| WORK TO BE COMPLETED |
Could you repeat the entries below exactly, but only from the line with "використовуючи матеріали підручника" through the line with "夕方から朝まで爆睡していたので、夜食べる予定だった鶏胸肉を、朝食べました。", and without any picture?

(MATERIAL FOR THIS TASK Opens)

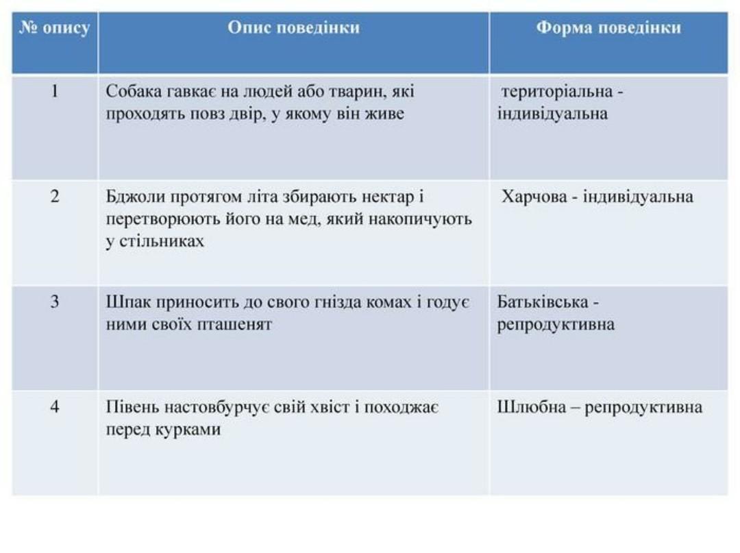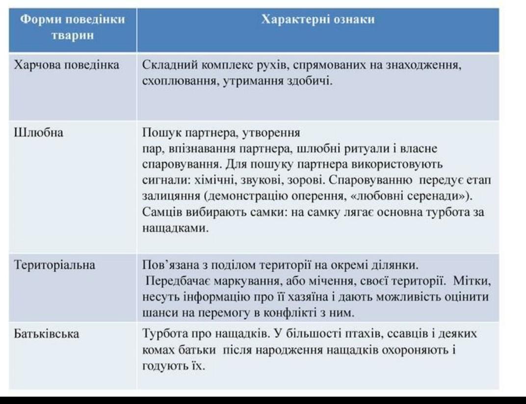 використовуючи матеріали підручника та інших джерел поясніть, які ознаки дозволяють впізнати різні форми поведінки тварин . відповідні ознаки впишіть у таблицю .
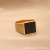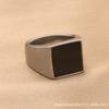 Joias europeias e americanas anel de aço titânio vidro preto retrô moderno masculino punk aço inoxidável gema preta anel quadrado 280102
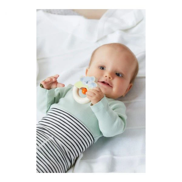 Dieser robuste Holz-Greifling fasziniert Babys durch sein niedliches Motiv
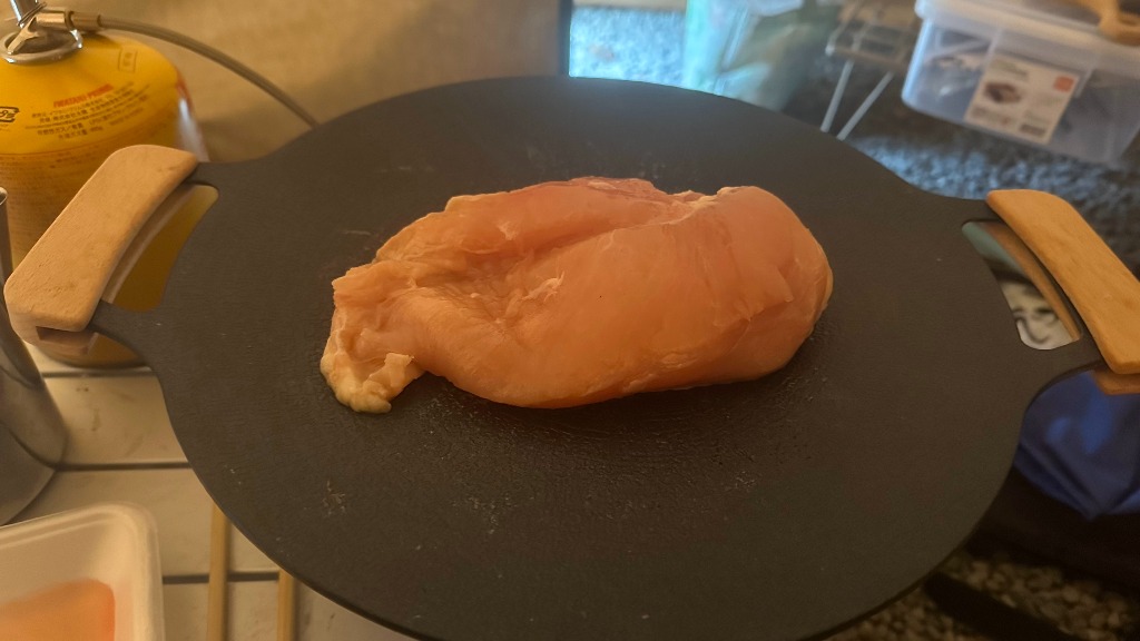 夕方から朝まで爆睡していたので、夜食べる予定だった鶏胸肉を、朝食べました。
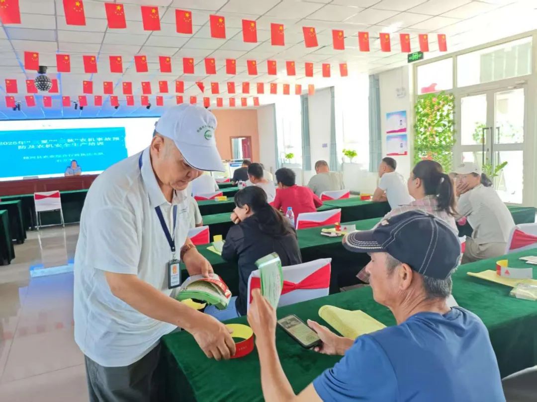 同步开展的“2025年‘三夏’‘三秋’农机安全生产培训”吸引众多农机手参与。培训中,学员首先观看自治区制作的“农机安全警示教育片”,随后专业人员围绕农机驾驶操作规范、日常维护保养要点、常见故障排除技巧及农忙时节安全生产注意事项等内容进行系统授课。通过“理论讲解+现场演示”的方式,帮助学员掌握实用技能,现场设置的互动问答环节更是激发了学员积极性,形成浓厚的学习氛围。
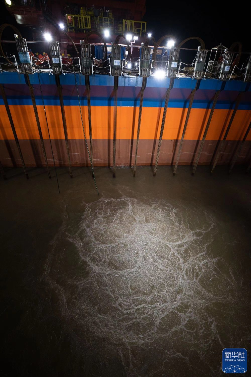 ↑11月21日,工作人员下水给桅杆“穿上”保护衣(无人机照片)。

(MATERIAL FOR THIS TASK Closes)
(MATERIAL FOR THIS TASK Opens)

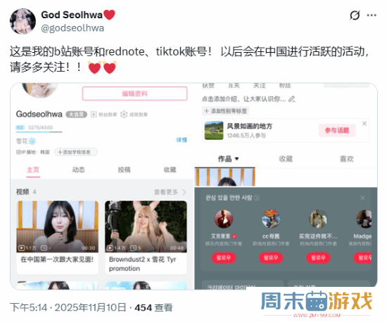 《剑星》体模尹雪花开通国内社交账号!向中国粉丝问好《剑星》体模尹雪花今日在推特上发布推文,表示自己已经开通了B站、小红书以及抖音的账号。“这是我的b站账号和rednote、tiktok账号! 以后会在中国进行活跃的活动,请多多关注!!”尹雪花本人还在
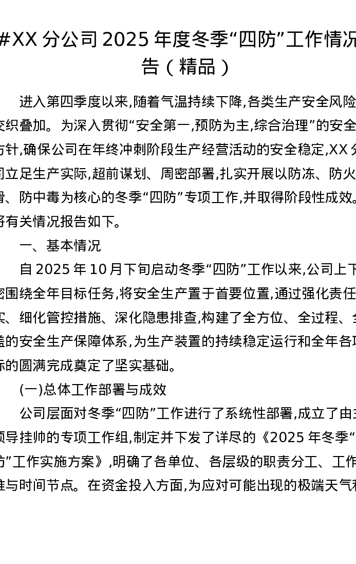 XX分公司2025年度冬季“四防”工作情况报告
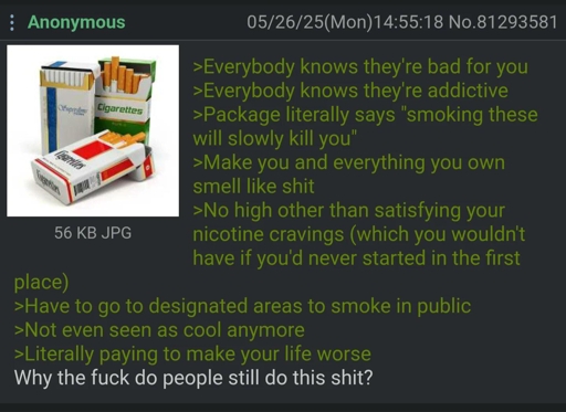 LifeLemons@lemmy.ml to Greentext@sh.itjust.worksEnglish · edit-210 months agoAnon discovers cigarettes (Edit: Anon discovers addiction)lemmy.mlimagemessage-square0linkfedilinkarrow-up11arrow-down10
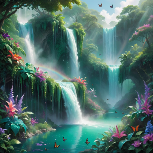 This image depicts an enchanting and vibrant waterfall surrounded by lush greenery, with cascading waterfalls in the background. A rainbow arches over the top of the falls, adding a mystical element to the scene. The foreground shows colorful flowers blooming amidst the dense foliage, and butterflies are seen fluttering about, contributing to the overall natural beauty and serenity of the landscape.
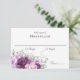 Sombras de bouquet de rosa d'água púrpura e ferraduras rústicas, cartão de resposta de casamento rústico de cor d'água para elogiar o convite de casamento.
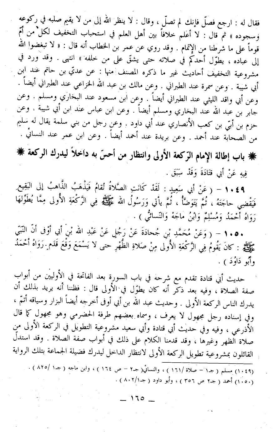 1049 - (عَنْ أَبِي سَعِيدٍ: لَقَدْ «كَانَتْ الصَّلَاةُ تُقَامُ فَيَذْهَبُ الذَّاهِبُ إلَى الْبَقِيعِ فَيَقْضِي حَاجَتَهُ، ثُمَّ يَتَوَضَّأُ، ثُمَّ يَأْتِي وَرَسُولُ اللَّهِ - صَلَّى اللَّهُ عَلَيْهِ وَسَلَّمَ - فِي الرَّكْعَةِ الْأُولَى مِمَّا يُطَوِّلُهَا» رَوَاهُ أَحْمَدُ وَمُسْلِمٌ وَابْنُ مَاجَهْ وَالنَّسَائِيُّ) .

(MATERIAL FOR THIS TASK Closes)
(MATERIAL FOR THIS TASK Opens)

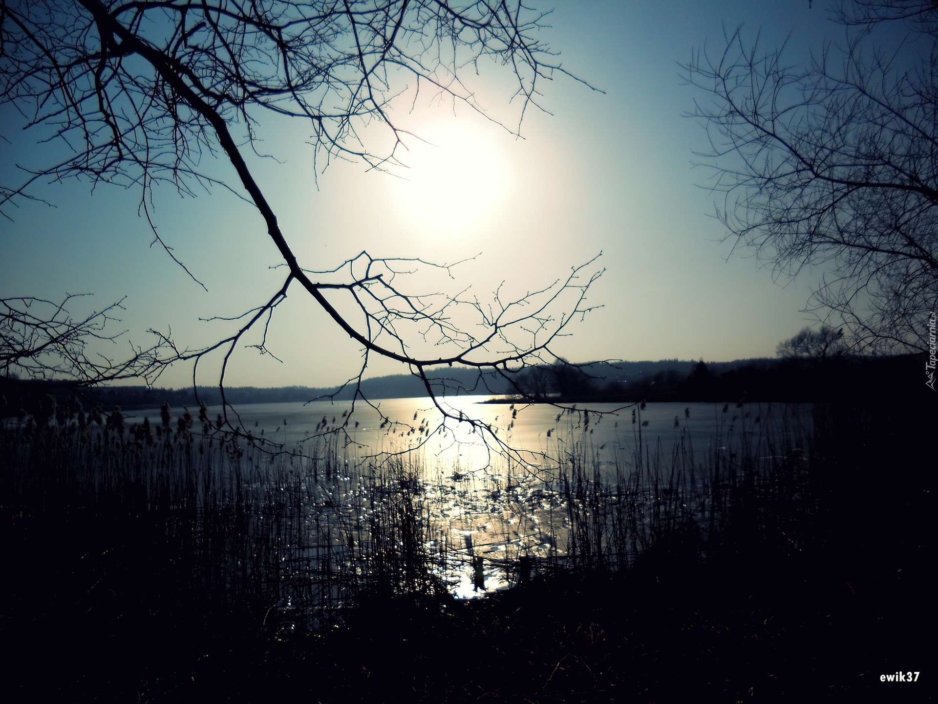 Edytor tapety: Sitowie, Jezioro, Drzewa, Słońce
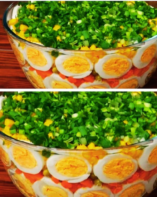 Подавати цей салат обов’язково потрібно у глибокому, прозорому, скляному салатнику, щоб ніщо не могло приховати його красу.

(MATERIAL FOR THIS TASK Closes)

| RESPONSE TO THIS TASK |
 використовуючи матеріали підручника та інших джерел поясніть, які ознаки дозволяють впізнати різні форми поведінки тварин . відповідні ознаки впишіть у таблицю .
 Joias europeias e americanas anel de aço titânio vidro preto retrô moderno masculino punk aço inoxidável gema preta anel quadrado 280102
 Dieser robuste Holz-Greifling fasziniert Babys durch sein niedliches Motiv
 夕方から朝まで爆睡していたので、夜食べる予定だった鶏胸肉を、朝食べました。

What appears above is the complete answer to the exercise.